Background and study aims
Nitrous oxide (‘laughing gas’) has a variety of effects on mood and thinking. In this study we are looking at whether nitrous oxide produces some of the same effects as ketamine and alcohol. Both of these drugs interact with a brain neurotransmitter receptor called the NMDA receptor, blocking its usual functioning. Nitrous oxide is also thought to have its effects via this receptor, and as such we expect that it will produce similar effects to both alcohol and ketamine.
For example, ketamine produces disturbances in thinking that resemble psychosis, and nitrous oxide may produce some similar (temporary) disturbances in experience. Ketamine also produces effects that resemble alcohol intoxication, so nitrous oxide is expected to share this property with ketamine as well.

Some of these effects might depend on certain personality characteristics or family background, so we are testing this possibility in the current study by asking participants to complete questionnaires about their traits and general moods.

Who can participate?
Women and men aged between 18 and 40, who are healthy and have no psychiatric or physical health conditions that could make nitrous oxide inhalation unsafe.

What does the study involve?
The study involves attending a single session at University College London.

Before arriving at this session, participants will need to complete a screening questionnaire and interview to ensure they are suitable. We will ask about their physical and mental health and their typical (alcohol) drinking habits.
Participants will be randomly assigned to receive either medical air, which is the same as the air we usually breathe, or Entonox, which is the commercial name for nitrous oxide, and contains 50 % nitrous oxide mixed with 50% oxygen. Before inhaling either gas, participants will complete a series of questionnaires about their typical thoughts and feelings, as well as their current thoughts and feelings.

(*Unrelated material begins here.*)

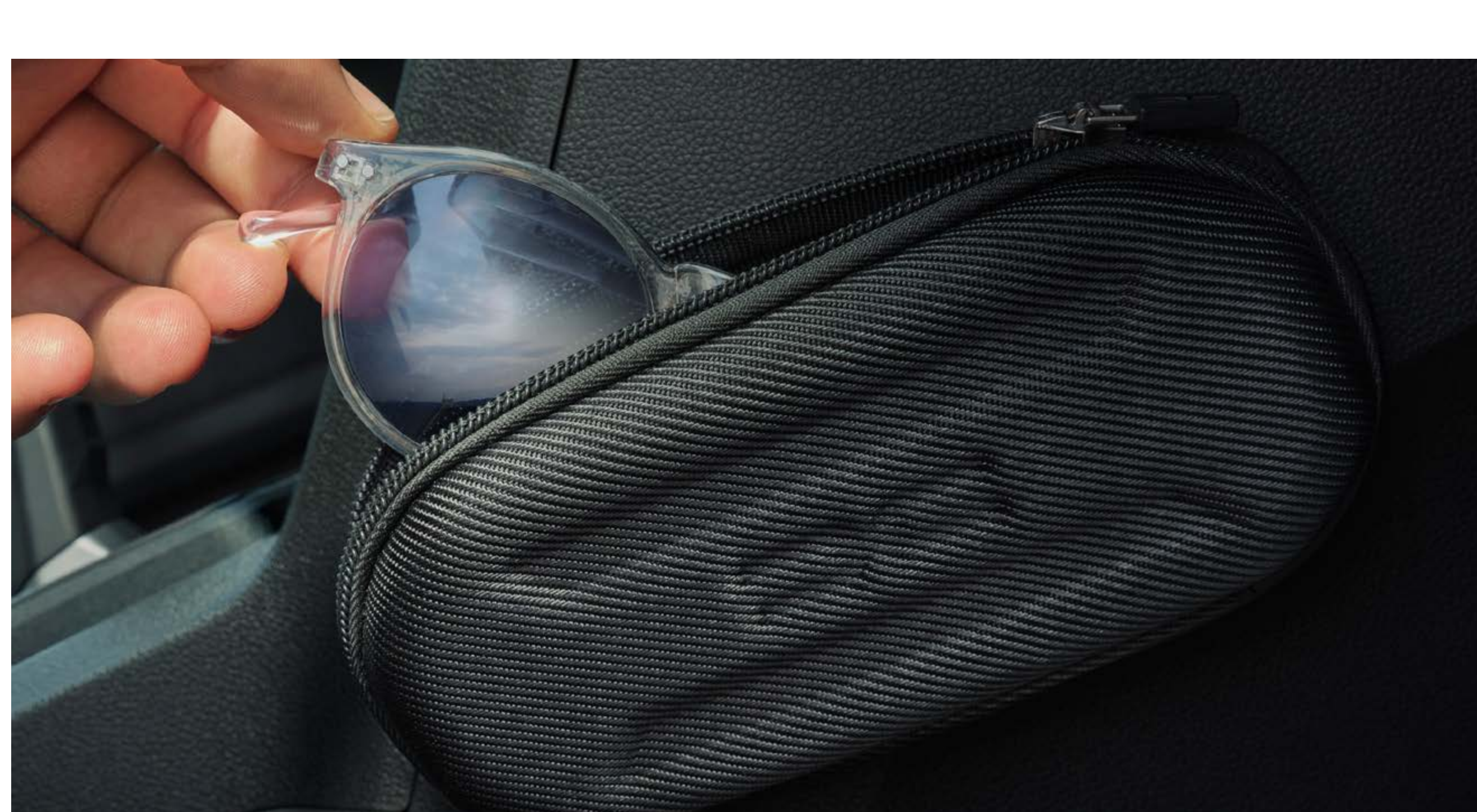
YOUCLIP - GLASSES CASE 739M00386R £25

They will also be asked questions about whether any of their family members have a history of problems with alcohol use. They will then start inhaling the gas and repeat some of these questionnaires. After completing all of the questionnaires, participants stop inhaling the gas and sit quietly for 15 minutes. They then repeat a final set of questionnaires. They will be able to leave the lab when at least 30 min has elapsed since they stopped gas inhalation.

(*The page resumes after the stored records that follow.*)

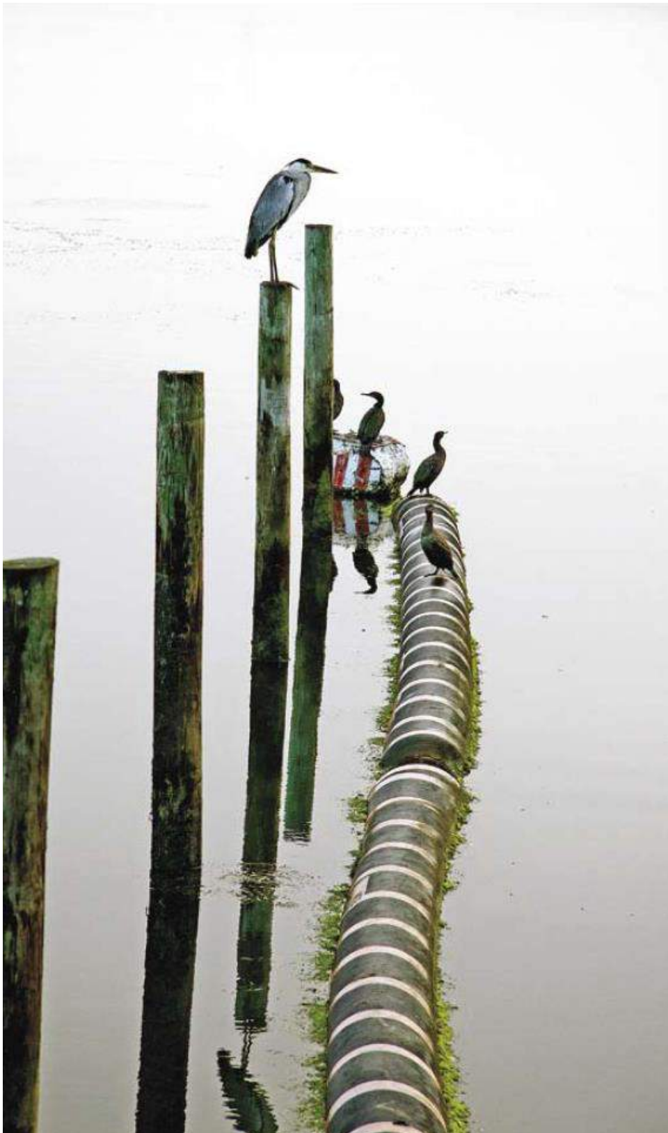
Grey heron on a grey morning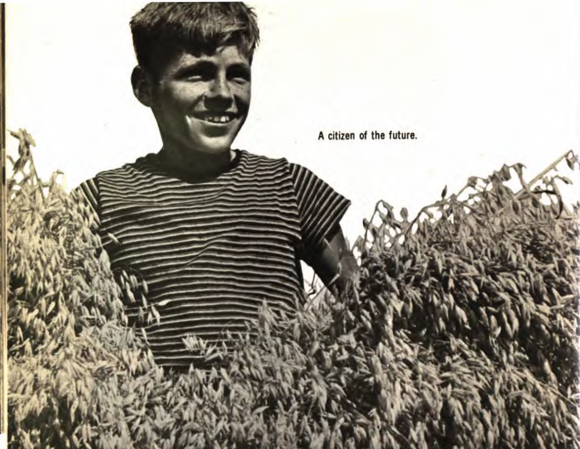
A citizen of the future.

camp of Europe. In the settlement of displaced persons, Canada has taken an important part; some 87,000 people had been received up to November, 1949. Today, people of Ukrainian, Scandinavian, German, Dutch, and Polish origin make up nearly one-fifth of the Canadian population. They are concentrated mainly in the Prairie Provinces. Although quick to adopt Canadian habits, members of this group also retain much of their cultural heritage: in Winnipeg, the capital of Manitoba, newspapers are published in 23 different languages.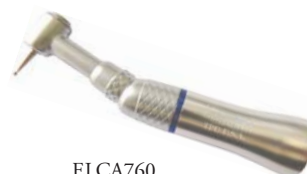
ELCA760 Push Button Latch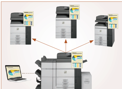
With Serverless Print Release technology you can securely print a job and release it from any of six supported models. 1

Versatile document workflow solutions provide you with extensive benefits to help your bottom line.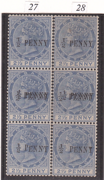
Wide and narrow space on same stamp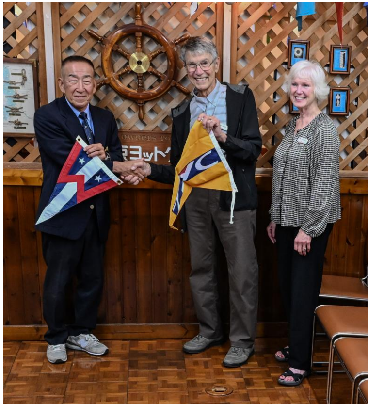
A new friendship begins.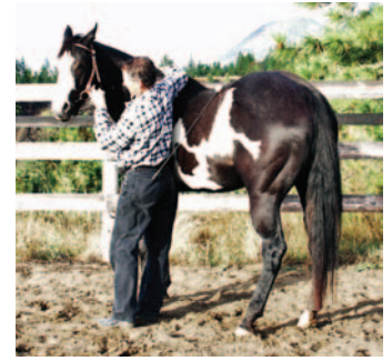
Standing to side of horse obtaining bend and then upward elevation with a jaw flexion using a single rein, but can also be done with supporting rein if horse tries to twist the poll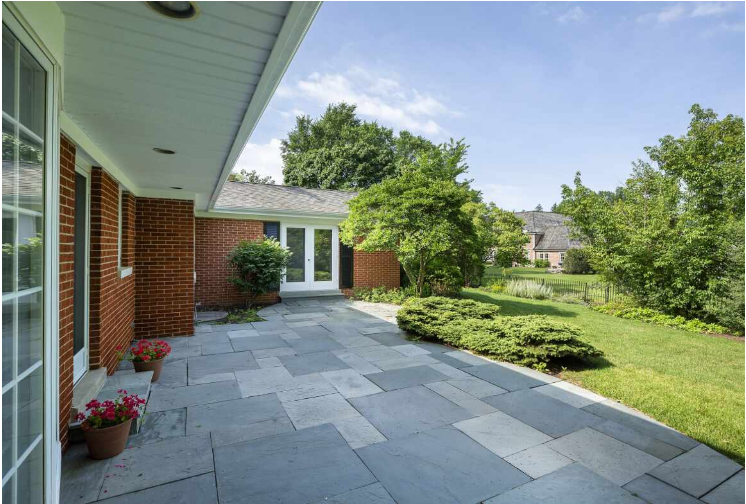
BACK OF HOUSE - BLUESTONE PATIO

What are the possible benefits and risks of participating?
Participants are reimbursed, but there are no personal health benefits associated with taking part. However, by taking part, participants will be helping us understand how nitrous oxide and similar drugs work, and how these might eventually be used to treat people with psychological disorders. As such, participants usually find this kind of study interesting and rewarding.

The research is considered to be low risk. However, as with any study involving the use of medications, it is not possible to eliminate all risks. There are no known long-term risks associated with the study, however, in the short-term, participants who receive nitrous oxide gas might experience some acute side effects such as dry mouth, numbness, nausea and vomiting and dizziness. Because nitrous oxide leaves the body quickly after inhalation stops, these effects reverse quickly. Participants will remain in the department for at least 30 min after the inhalation stops to ensure all effects have worn off.

Where is the study run from?
The study is run from the research department of the Clinical Psychopharmacology Unit, University College London, which is located at 1-19 Torrington Place, London.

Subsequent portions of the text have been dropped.